Task to complete
Using the entries that follow, transcribe only the lines from the line with "Так, с начала" to the line with "JKA Tampere on", both included, exactly as they stand and without pictures.

Provided data
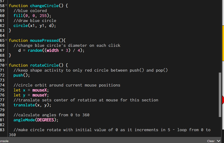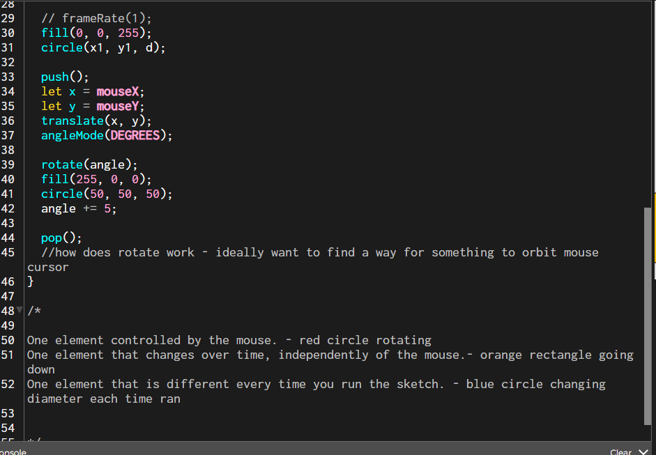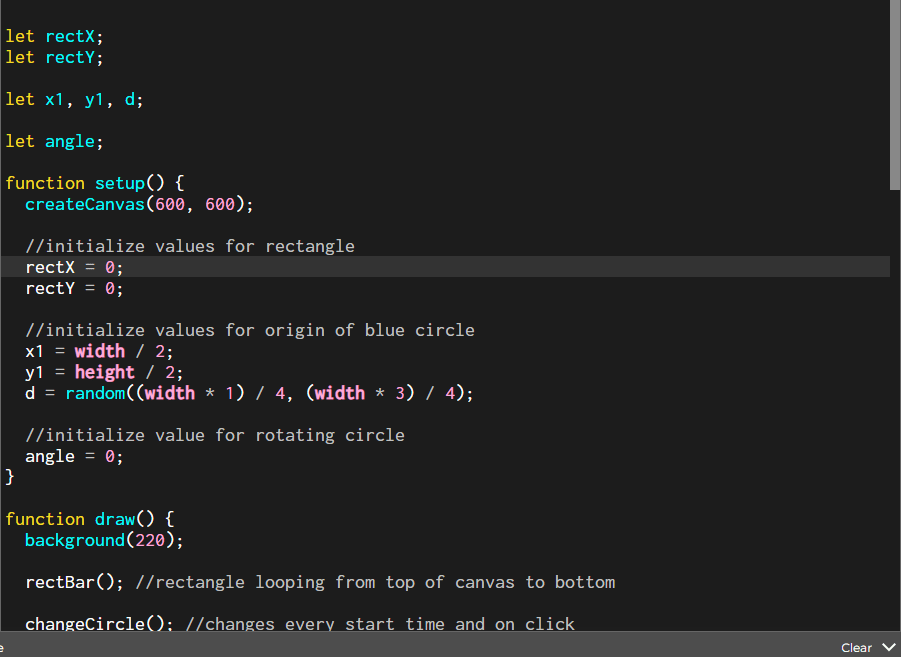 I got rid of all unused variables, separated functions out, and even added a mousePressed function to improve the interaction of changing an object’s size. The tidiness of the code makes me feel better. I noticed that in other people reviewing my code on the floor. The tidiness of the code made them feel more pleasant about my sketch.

==

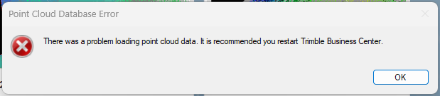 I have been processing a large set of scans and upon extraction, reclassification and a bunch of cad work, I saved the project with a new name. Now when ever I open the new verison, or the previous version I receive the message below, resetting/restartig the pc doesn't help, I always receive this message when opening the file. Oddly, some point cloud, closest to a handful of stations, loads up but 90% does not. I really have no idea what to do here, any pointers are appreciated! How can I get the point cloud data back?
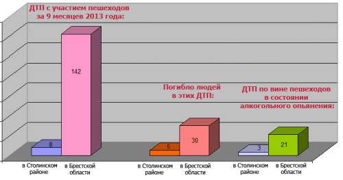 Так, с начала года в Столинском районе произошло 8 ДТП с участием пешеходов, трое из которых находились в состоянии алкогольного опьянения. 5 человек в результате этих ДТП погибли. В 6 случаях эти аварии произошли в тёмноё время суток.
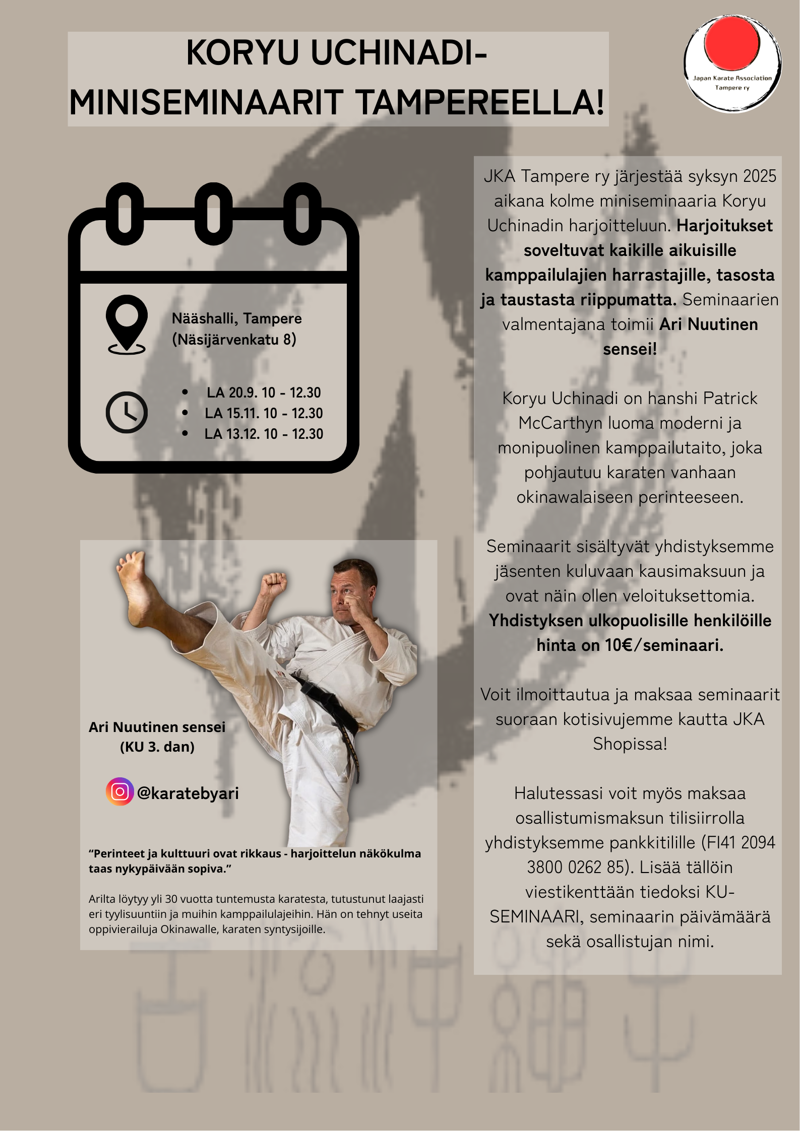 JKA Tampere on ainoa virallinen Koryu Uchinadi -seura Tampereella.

...

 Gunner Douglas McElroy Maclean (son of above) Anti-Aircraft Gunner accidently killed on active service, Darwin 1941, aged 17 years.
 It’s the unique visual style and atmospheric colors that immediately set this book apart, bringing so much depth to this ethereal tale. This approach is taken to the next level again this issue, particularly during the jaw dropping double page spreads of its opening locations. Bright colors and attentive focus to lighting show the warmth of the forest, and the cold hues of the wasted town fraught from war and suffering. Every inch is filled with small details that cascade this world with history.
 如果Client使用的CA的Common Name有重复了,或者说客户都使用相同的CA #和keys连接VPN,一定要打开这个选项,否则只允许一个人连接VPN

Task output
 Так, с начала года в Столинском районе произошло 8 ДТП с участием пешеходов, трое из которых находились в состоянии алкогольного опьянения. 5 человек в результате этих ДТП погибли. В 6 случаях эти аварии произошли в тёмноё время суток.
 JKA Tampere on ainoa virallinen Koryu Uchinadi -seura Tampereella.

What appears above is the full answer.